> [About this exercise]: Omit the pictures and output exactly the lines from the start of the entries through the line containing "10月1日,阿联酋副总统兼总".

(Saved entries)

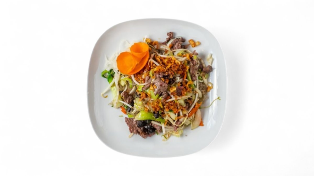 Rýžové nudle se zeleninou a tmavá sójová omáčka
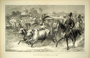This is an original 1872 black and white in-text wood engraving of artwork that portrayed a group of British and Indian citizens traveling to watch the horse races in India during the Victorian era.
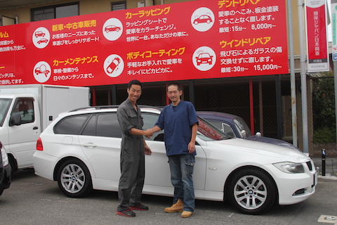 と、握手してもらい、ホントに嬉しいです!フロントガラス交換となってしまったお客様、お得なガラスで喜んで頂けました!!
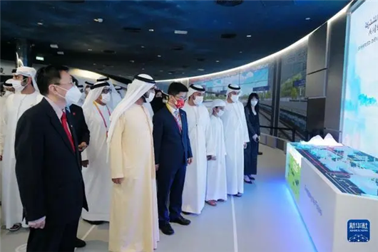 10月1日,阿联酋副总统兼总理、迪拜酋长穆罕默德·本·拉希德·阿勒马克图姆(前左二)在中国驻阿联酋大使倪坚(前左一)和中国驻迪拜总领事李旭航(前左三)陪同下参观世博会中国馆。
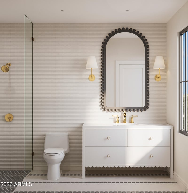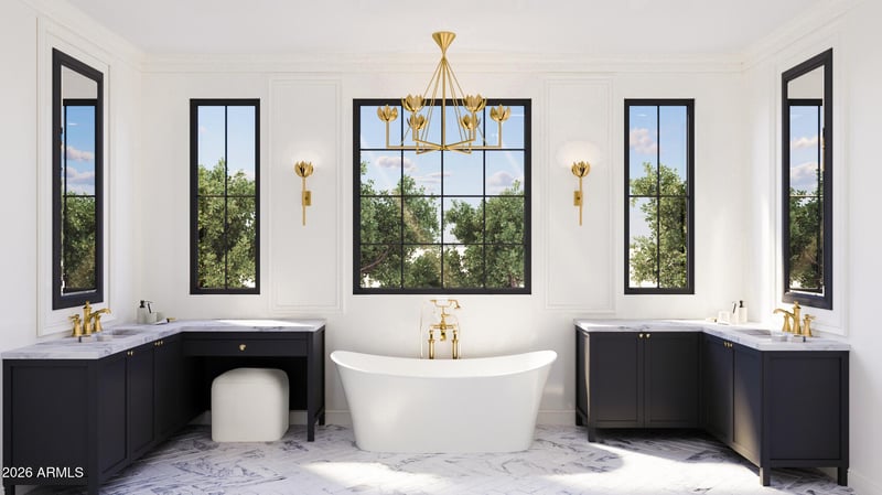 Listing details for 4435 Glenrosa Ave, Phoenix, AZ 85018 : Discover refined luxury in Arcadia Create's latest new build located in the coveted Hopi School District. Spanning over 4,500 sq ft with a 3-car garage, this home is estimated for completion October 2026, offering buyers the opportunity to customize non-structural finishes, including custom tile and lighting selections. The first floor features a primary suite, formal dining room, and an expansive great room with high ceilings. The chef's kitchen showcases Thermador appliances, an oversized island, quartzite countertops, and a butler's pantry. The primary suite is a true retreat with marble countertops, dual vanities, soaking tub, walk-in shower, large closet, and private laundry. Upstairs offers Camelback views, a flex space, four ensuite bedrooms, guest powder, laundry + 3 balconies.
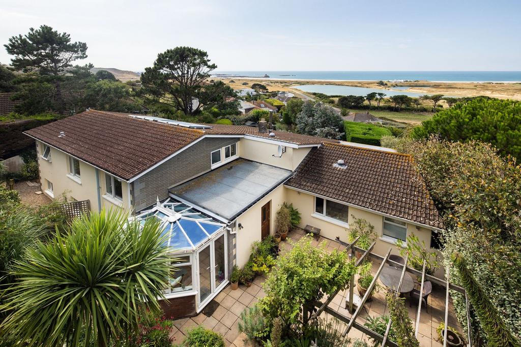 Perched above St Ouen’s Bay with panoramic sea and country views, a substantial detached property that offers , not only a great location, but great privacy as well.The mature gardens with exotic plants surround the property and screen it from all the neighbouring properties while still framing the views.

> [Result for this exercise]:
 Rýžové nudle se zeleninou a tmavá sójová omáčka
This is an original 1872 black and white in-text wood engraving of artwork that portrayed a group of British and Indian citizens traveling to watch the horse races in India during the Victorian era.
 と、握手してもらい、ホントに嬉しいです!フロントガラス交換となってしまったお客様、お得なガラスで喜んで頂けました!!
 10月1日,阿联酋副总统兼总理、迪拜酋长穆罕默德·本·拉希德·阿勒马克图姆(前左二)在中国驻阿联酋大使倪坚(前左一)和中国驻迪拜总领事李旭航(前左三)陪同下参观世博会中国馆。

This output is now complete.